The cause of the problem will be documented in the hs_err* file, if you know what to look for. Take a look, and if it still isn't clear, consider posting the first 5 or 10 lines of the stack trace and other pertinent info (don't post the whole thing, there's tons of info in there that won't help - but you have to figure out which 1% is important :-) )
Are you using a Browser widget and executing javascript in the Browser widget? If so, then there are bugs in some versions of SWT that causes the JVM to crash in native code, in various Windows libraries.
Two examples (that I opened) are bug 217306 and bug 127960. These two bug reports are not the only bug reports of the JVM crashing in SWT, however.

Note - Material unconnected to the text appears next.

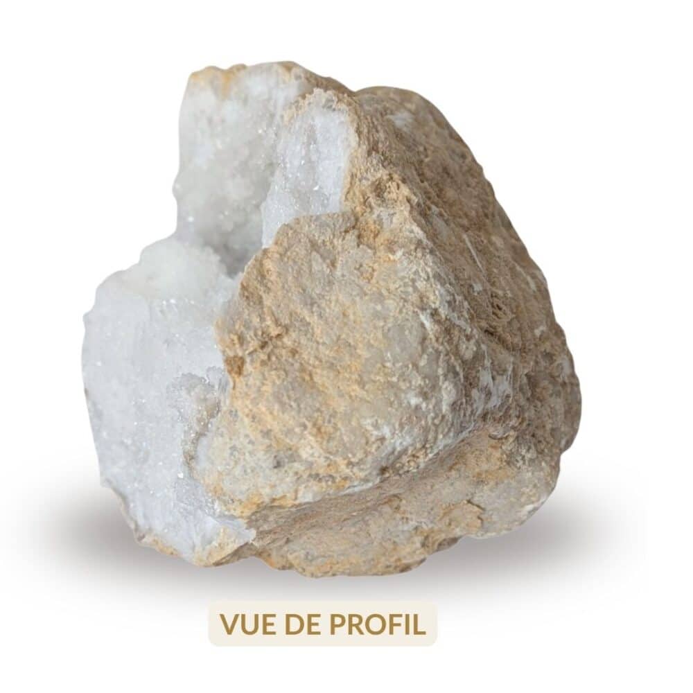 Véritable pierre maîtresse en lithothérapie, cette géode de Cristal de Roche est un indispensable à avoir chez soi.

If you aren't using the Browser widget then these suggestions won't help you. In that case, you can search for a list of SWT bugs causing a JVM crash. If none of those are your issue, then I highly recommend that you open a bug report with SWT.
I have the same problem with a JNLP application that I have been using for a long time and is pretty reliable. The problem started immediately after I upgraded from Windows 7 to Windows 10. According to my investigation, it is most likely a bug in Win 10.
The following is not a solution, but an ugly workaround. In jre/bin directory, there is javaws.exe. If I right-clicked /Properties/Compatibility and ticked Run this program as an administrator, the JNLP app started to work.
Please, be aware that this approach could cause security issues and use it only if you have no other option and 100% know what you are doing.